The Minister is, of course, right to point to the success of the new library buildings in Liverpool and Birmingham is. However, is he not a little bit worried about the library service being a postcode lottery, because he is not seeking to have a secure policy framework across the country?
I do not know what that means. For example, Liverpool reopened its central library; a million people have visited it; and until recently, Liverpool was proposing to close 10 of its 18 branch libraries. That proposal has now been withdrawn. Is it being suggested that I should have personally intervened three or four years ago to tell Liverpool, “No, you don’t run the library service like this. You don’t put money into refurbishing your central library. You’re going to keep all your branch libraries open”? Liverpool is seeking to deliver a comprehensive and efficient library service, and one of the ways it seeks to do that is to refurbish its central library to make it a hugely attractive hub for thousands of people living in that great city. That was a decision for the local authority, just as it was a decision for Birmingham to invest in a new central library, which is now the pride of the city and already one of the most well-known libraries in Europe.

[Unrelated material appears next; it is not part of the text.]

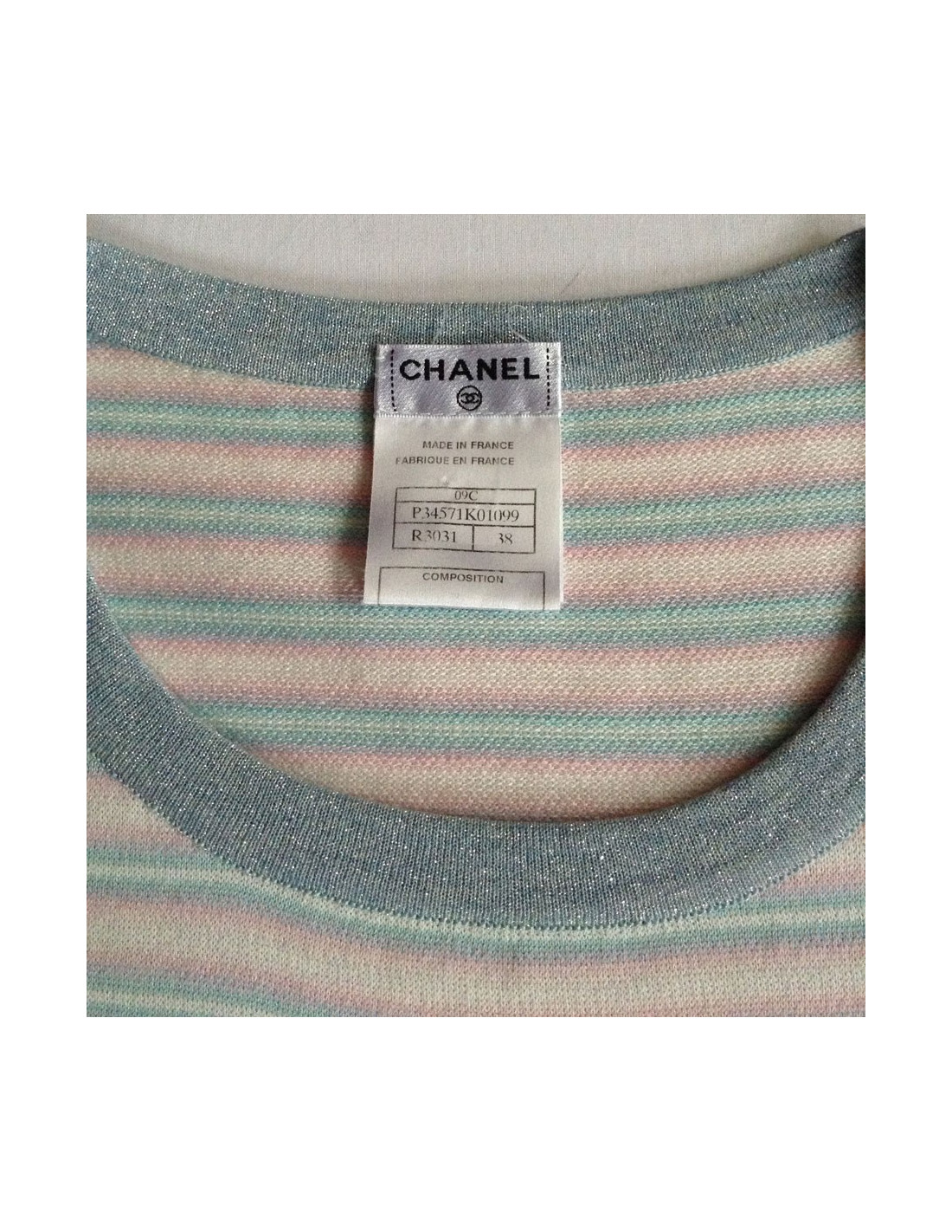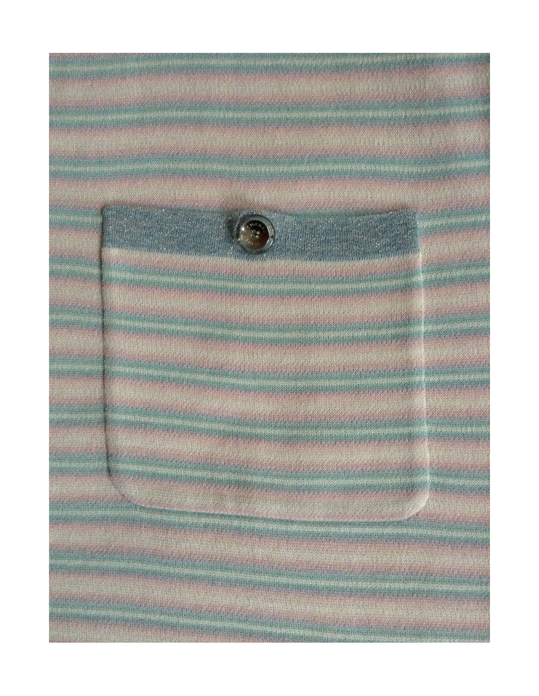 A fresh look for this summer! Dress CHANEL short T38Fr, with horizontal stripes in pastels. Short sleeves with CC embroidered on the left sleeve, collar round lurex grey/bluish as well as on the edge of the 2 front patch pockets, decorated with beautiful buttons transparent acronyms "Chanel Paris". 88% cotton, 9% cashmere.

Such decisions must be taken by local authorities but, as I said earlier, the number of static libraries that have been closed is often exaggerated; the actual number, while it may be regrettable, is far lower than people say. The action taken by this Government has been active: bringing on board the Arts Council, to provide leadership for libraries; providing a £6 million fund to support cultural work in libraries; extending e-lending to the PLR; working to introduce pilots with publishers, so as to promote e-lending; and now commissioning the Sieghart report, to continue to take libraries forward during the next decade or so.
As I have said, while I may understand the frustration and sometimes even the anger of some library campaigners, I feel that I can hold my head up high, in terms of being a proactive campaigner for the library sector.